It’s one of the clearest signs that efforts to defend Denmark’s euro peg with an unprecedented injection of cheap money may be distorting some corners of the economy. The central bank’s benchmark deposit rate is minus 0.75 percent after four cuts this year. Yields on government bonds are negative for maturities as long as five years. Mortgage-bond yields trade below zero for maturities up to three years.

“Perhaps it’s okay to have negative rates, but there are a lot of other problems that derive from that,” Sune Worm Mortensen, a director in charge of residential mortgage strategy at Nykredit Realkredit A/S, said in an interview.

In the leafy Copenhagen district of Frederiksberg, an average 140 square-meter (1,500 square-foot) house costs 1.8 million kroner ($275,000) more today than it did in 2009, according to Nybolig, a unit of Nykredit.

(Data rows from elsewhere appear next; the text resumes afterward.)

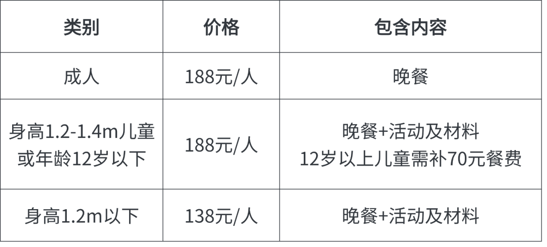 💴 费用包含 | 儿童手作、自助晚餐、入场及全部环节参与、此档期手作为糖霜绘制姜饼屋材料费用等
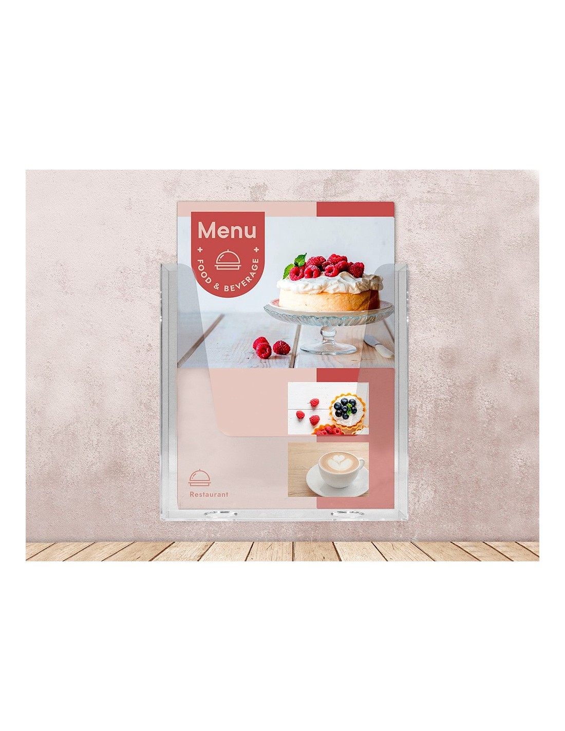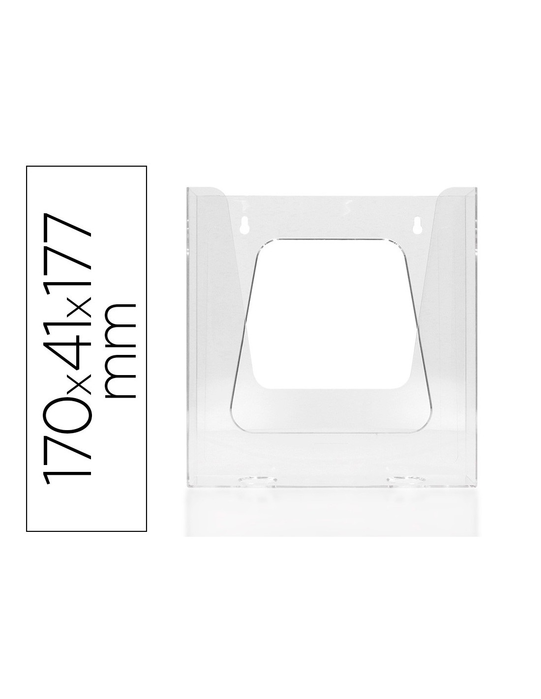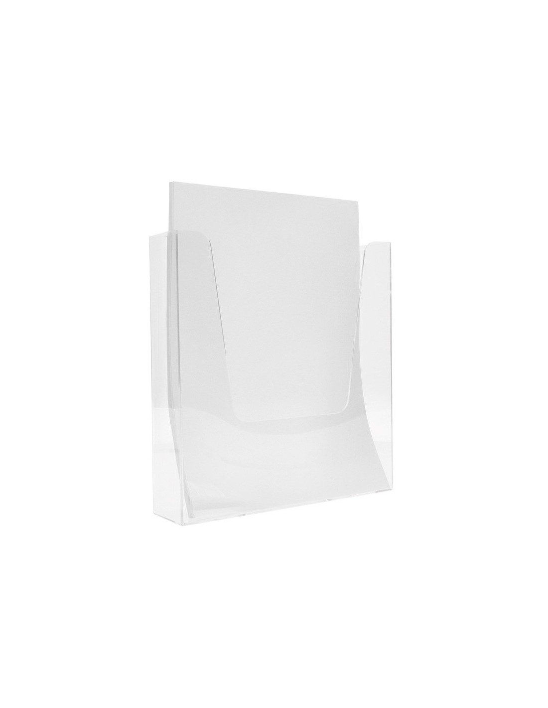 Portafolletos mural Archivo 2000 A5 vertical. Fabricado en poliestireno ultra transparente de máxima calidad y resistencia. Fondo de cajetín de 40 mm. Diseñados con hendidura frontal para un rápido acceso a los documentos y con agujeros traseros para facilitar su colocación en la pared. Color cristal transparente. Medidas exteriores: 45x175x180 mm. Fabricado en España.
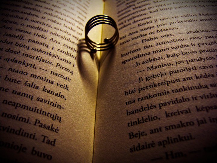 pateikimas matytas gal jau......n kartu, ir dažniausiai žiedas būna atverstoj biblijoje :) o čia knygoje kurioje rašoma kaip kažkas susileidžia morfijaus :) bet už pateikimą uogytę
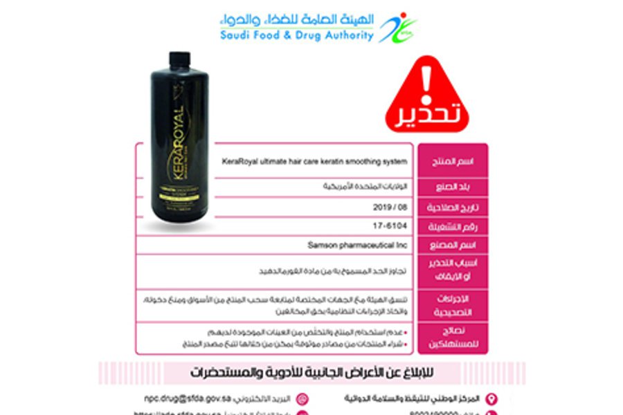 حذَّرت الهيئة العامة للغذاء والدواء من 4 منتجات لفرد الشعر؛ لاحتوائها على نسبة عالية من مادة ”فورمالدهيد“.
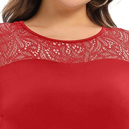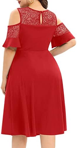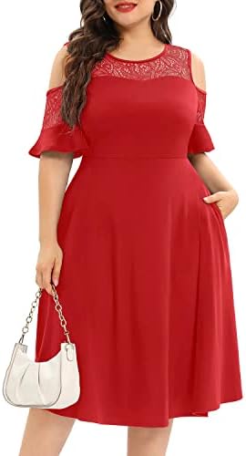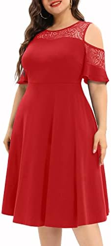 فساتين Pinup كبيرة الحجم على الظهر مباشرة ورقبة شبكية وحفلات الزفاف ميدي مع جيوب ، أحمر ، 18 زائد ، أحمر ، 48 زائد
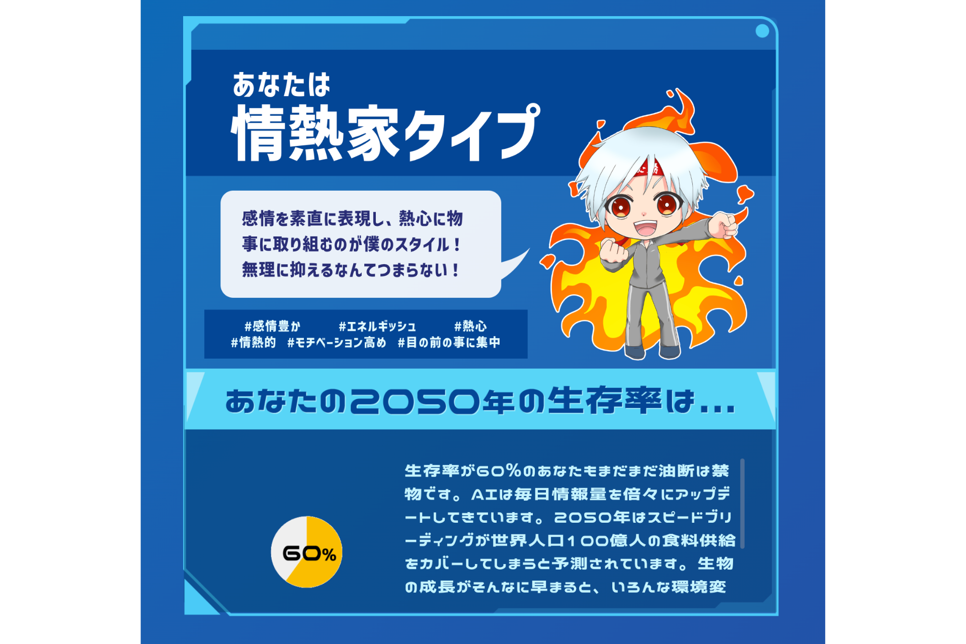 計172問に及ぶ質問に回答すると、「自分のタイプ・2050年の生存率」がわかります。
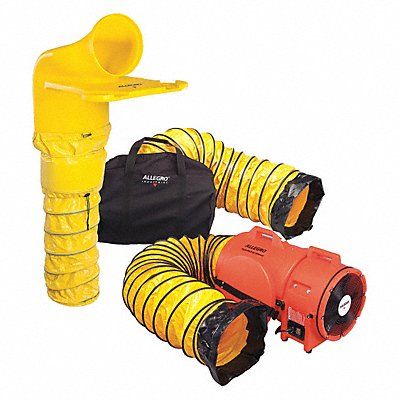 Confined Space Blower Blower/Fan Speed 4 200 RPM Includes 15 ft Duct 6 ft Duct Duct Storage Bag Manhole Ventilation Pass-thru Current (A) 25 A Duct Diameter 12 in Horsepower 1/4 hp Maximum Flow in Free Air 1 330 cfm Voltage 12 V DC Color Orange Yellow Material Polyethylene Height 17 in Length 27 in Width 16 in Type Axial

That’s about 676,000 kroner more than at the height of Denmark’s real estate boom, which topped in 2007 and burst a year later. House prices plunged about 20 percent from their peak through to their 2013 trough, triggering a community bank crisis and sending the economy into a recession.

Denmark’s Financial Supervisory Authority is “continually monitoring the development of house prices,” Director General Ulrik Noedgaard said an e-mailed response to questions.

Krone Crisis

Danes are now about to benefit directly from the record-low rates. Mortgage banks estimate short-term bonds for about 170 billion kroner will be refinanced in auctions starting in the final week of February. According to Nordea Bank AB, about 95 billion kroner of that will be in one-year loans, for which bonds already trade at negative yields.

“It’s going to be one of the most interesting auctions in a very long time due to the krone crisis,” Anders Aalund, chief analyst at Nordea Markets in Copenhagen, said by phone.

Realkredit Danmark’s 1 percent mortgage bond due April 2016 traded at about minus 0.3 percent on Thursday, according to data compiled by Bloomberg. Its yield has been below zero since the end of January.

“Nykredit and Nordea have stopped offering these loans and the overall issuance is low, so liquidity has been very limited,” Aalund said. “That means the auction prices are very difficult to predict.”

Fighting Flows

Distortions in the housing market shed some light on the tight-rope act central bank Governor Lars Rohde needs to pull off. Since the Swiss National Bank abandoned its ties to the euro on Jan. 15, Rohde has fought back speculators betting Denmark will be next to jettison its three-decades-old currency peg. That’s forced him to unleash an historic wave of measures to deter investors from holding krone assets, including suspending government bond sales.

The measures are playing havoc with the accounts of Denmark’s financial institutions, which pay the central bank to hold their deposits. So far, only corporate lender FIH Erhvervsbank A/S has decided to pass on that cost to its clients. Danske Bank A/S, the country’s biggest lender, says it will probably wait at least a year before deciding whether to do the same with retail customers. Chief Executive Officer Thomas F. Borgen said in an interview earlier this month he’s girding for negative rates lasting as long as two years.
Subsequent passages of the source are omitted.